**WHAT IS REQUIRED:**
Print the lines of the listing below verbatim from its first line through the line bearing "Expertise & Professionalism When It Counts". Any pictures are to be omitted.

**DATA EXCERPT:**
== Segment start ==

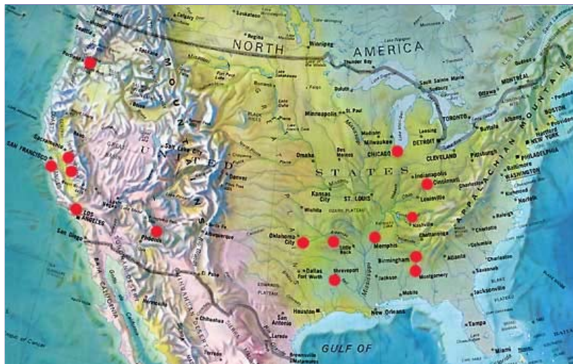
Red circles are the 15 regions known in the United States to date in which 20 eyewitnesses have reported seeing a wingless aerial craft with antenna appendages hovering and moving like a dragonfly, spanning 21 years from 1987 to 2008.

After the Big Basin craft photographs, other cases emerged in which eyewitnesses sketched odd, aerial “dragonfly”-shape aircraft.
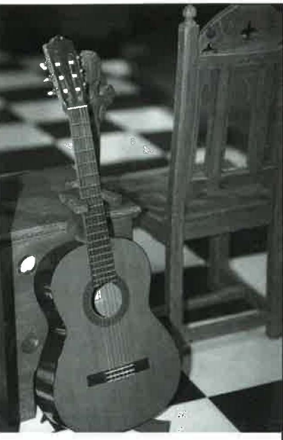
Expertise & Professionalism When It Counts
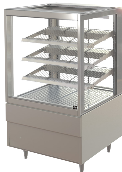
Showing : Inline 4000 Series heated 800mm square freestanding with fixed front

== Segment end ==

**RESULT FOR THIS EXERCISE:**
Red circles are the 15 regions known in the United States to date in which 20 eyewitnesses have reported seeing a wingless aerial craft with antenna appendages hovering and moving like a dragonfly, spanning 21 years from 1987 to 2008.

After the Big Basin craft photographs, other cases emerged in which eyewitnesses sketched odd, aerial “dragonfly”-shape aircraft.
Expertise & Professionalism When It Counts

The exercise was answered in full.